- **The task**:
Copy the records below exactly, starting at the line that contains "De tweede gang" and ending at the line that contains "Cilegon - Guna"; leave out any pictures.

- **The records**:
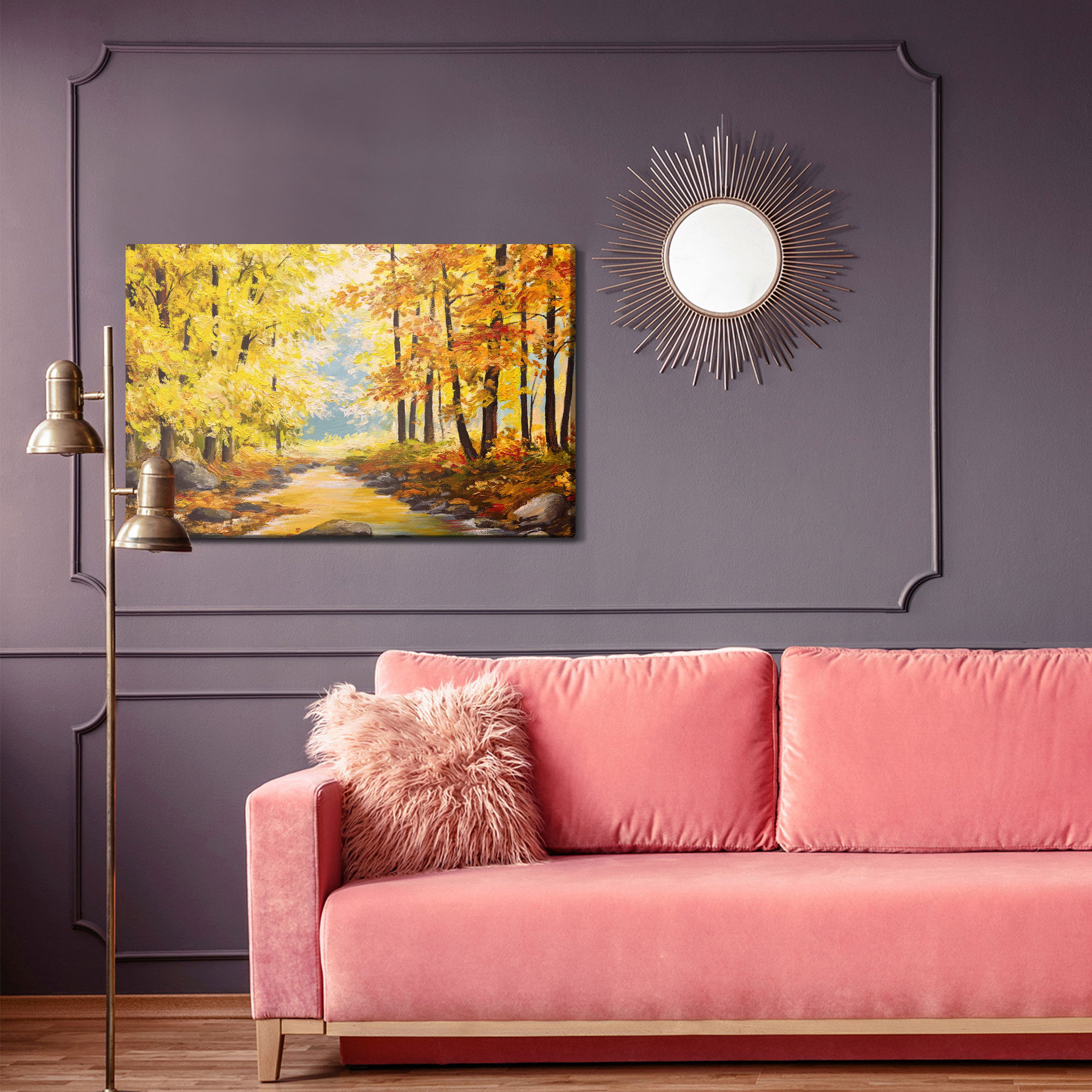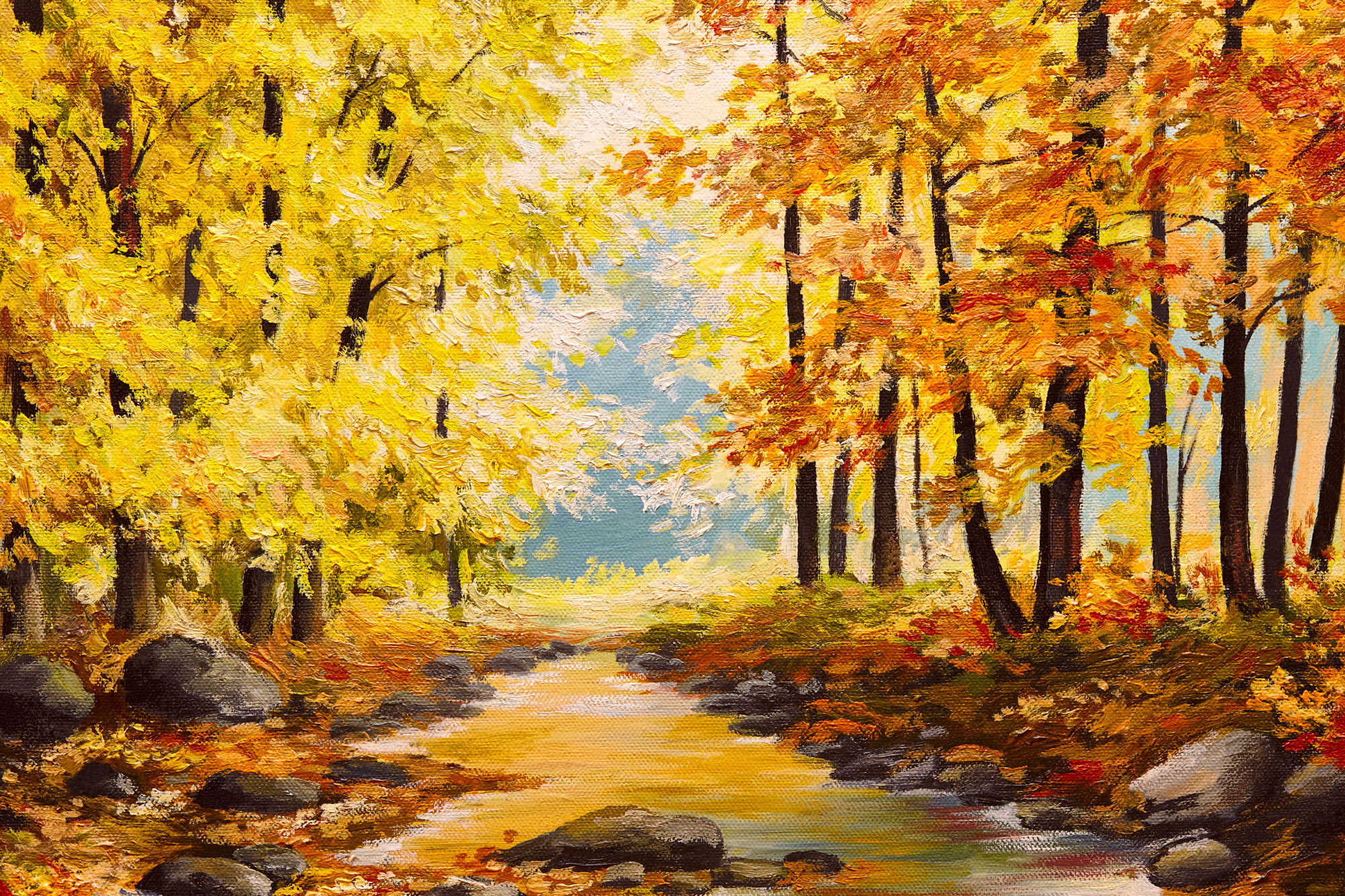 Ljuddämpande tavla – Rocks in the autumn forest för lugnare rum och mjukare akustik
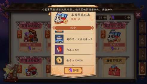 阴阳师皐月祭礼包壹/贰/叁多少钱?
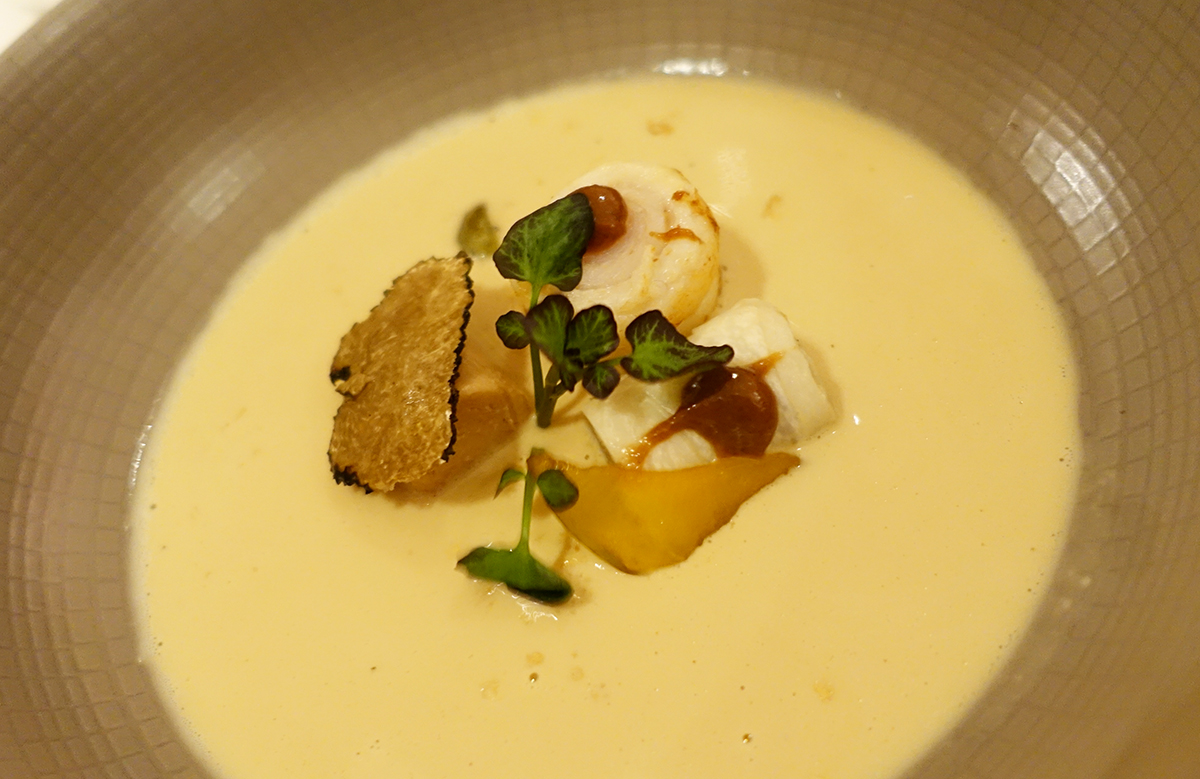 De tweede gang is van Tonny Berentsen van De Kromme Dissel. Het is een creme soep van eekhoorntjesbrood met sliptong, ganzenlever en paddenstoelen. Deze is wáánzinnig lekker: een explosie van smaak. Nu ben ik al echt dol op paddenstoelen, maar dit smaakt zo intens met de truffel en ganzenlever, echt fantastisch.
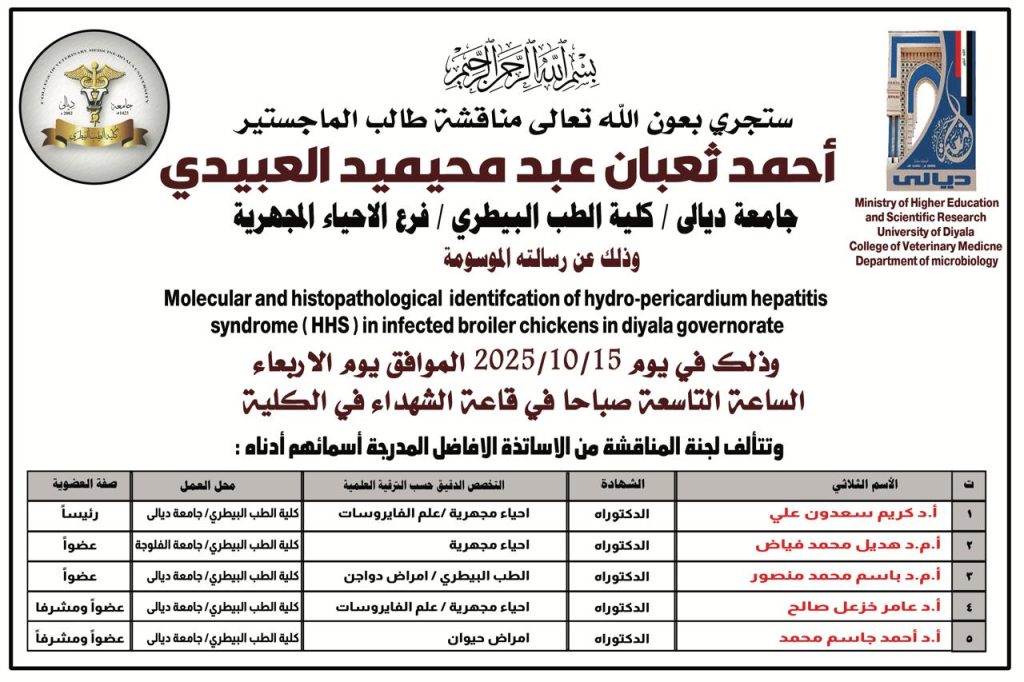 أقامت كلية الطب البيطري – جامعة ديالى / لجنة تنفيذ استراتيجية الامن الوطني العراقي ندوة توعوية متخصصة بعنوان “استراتيجيات الأمن الوطني العراقي”وذلك بتاريخ اليوم الاثنين الموافق 1 كانون الاول 2025 في إطار سعيها لتعزيز الوعي الوطني وترسيخ مفاهيم الأمن الشامل …
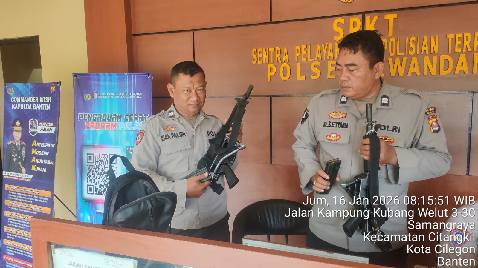 Cilegon - Guna mengantisipasi adanya potensi ancaman dan gangguan terhadap keamanan kantor maupun keselamatan personel piket jaga, Personil Polsek Ciwandan Polres Cilegon Polda Banten selalu tingkatkan kesiapsiagaan dan kewaspadaan dengan rutin menggelar kegiatan Sistem Pengamanan Mako (Sispam Mako), Jum'at (16/01/2026).Kapolres Cilegon Polda Banten AKBP Dr. Martua Raja Taripar Laut Silitonga...
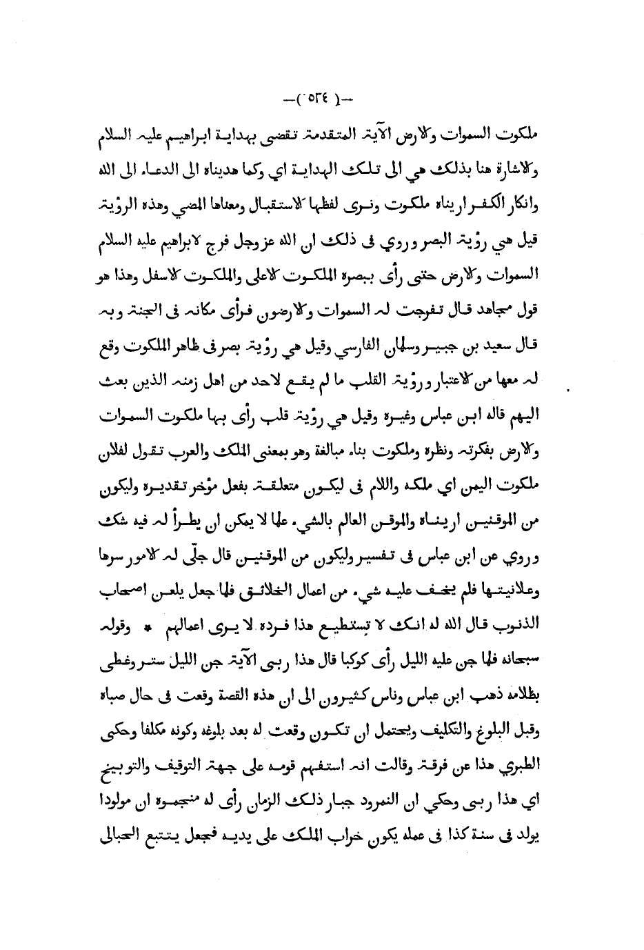 ملكوت السموات والأرض الآية المتقدمة تقضي بهداية إبراهيم عليه السلام والإشارة هنا بذلك هي إلى تلك الهداية أي وكما هديناه إلى الدعاء إلى الله وإنكار الكفر أريناه ملكوت ونرى لفظها الأستقبال ومعناها المضي وهذه الرؤية قيل هي رؤية البصر وروي في ذلك أن الله عز و جل فرج لإبراهيم عليه السلام السماوات والأرض حتى رأى ببصره الملكوت الأعلى والملكوت الأسفل وهذا هو قول مجاهد قال تفرجت له السماوات والأرضون فرأى مكانه في الجنة وبه قال سعيد بن جبير وسلمان الفارسي وقيل هي رؤية بصر في ظاهر الملكوت وقع له معها من الاعتبار ورؤية القلب ما لم يقع لأحد من أهل زمنه الذين بعث إليهم قاله ابن عباس وغيره وقيل هي رؤية قلب رأى بها ملكوت السماوات والأرض بفكرته ونظره وملكوت بناء مبالغة وهو بمعنى الملك والعرب تقول لفلان ملكوت اليمن أي ملكه واللام في ليكون متعلقة بفعل مؤخر تقديره وليكون من الموقنين أريناه والموقن العالم بالشيء علما لا يمكن أن يطرأ له فيه شك وروي عن ابن عباس في تفسير وليكون من الموقنين قاد جلى له الأمور سرها وعلانيتها فلم يخف عليه شيء من أعمال الخلائق فلما جعل يلعن أصحاب الذنوب قال الله له إنك لا تستطيع هذا فرده لا يرى أعمالهم وقوله سبحانه فلما جن عليه الليل رأى كوكبا قال هذا ربي الآية جن الليل ستر وغطى بظلامه ذهب ابن عباس وناس كثيرون إلى أن هذه القصة وقعت في حال صباه وقبل البلوغ والتكليف ويحتمل أن تكون وقعت له بعد بلوغه وكونه مكلفا وحكى الطبري هذا عن فرقة وقالت أنه استفهم قومه على جهة التوقيف والتوبيخ أي هذا ربي وحكي أن النمرود جبار ذلك الزمان رأى له منجموه أن مولودا يولد في سنة كذا في عمله يكون خراب الملك على يديه فجعل يتتبع الحبالى

- **Expected answer**:
 De tweede gang is van Tonny Berentsen van De Kromme Dissel. Het is een creme soep van eekhoorntjesbrood met sliptong, ganzenlever en paddenstoelen. Deze is wáánzinnig lekker: een explosie van smaak. Nu ben ik al echt dol op paddenstoelen, maar dit smaakt zo intens met de truffel en ganzenlever, echt fantastisch.
 أقامت كلية الطب البيطري – جامعة ديالى / لجنة تنفيذ استراتيجية الامن الوطني العراقي ندوة توعوية متخصصة بعنوان “استراتيجيات الأمن الوطني العراقي”وذلك بتاريخ اليوم الاثنين الموافق 1 كانون الاول 2025 في إطار سعيها لتعزيز الوعي الوطني وترسيخ مفاهيم الأمن الشامل …
 Cilegon - Guna mengantisipasi adanya potensi ancaman dan gangguan terhadap keamanan kantor maupun keselamatan personel piket jaga, Personil Polsek Ciwandan Polres Cilegon Polda Banten selalu tingkatkan kesiapsiagaan dan kewaspadaan dengan rutin menggelar kegiatan Sistem Pengamanan Mako (Sispam Mako), Jum'at (16/01/2026).Kapolres Cilegon Polda Banten AKBP Dr. Martua Raja Taripar Laut Silitonga...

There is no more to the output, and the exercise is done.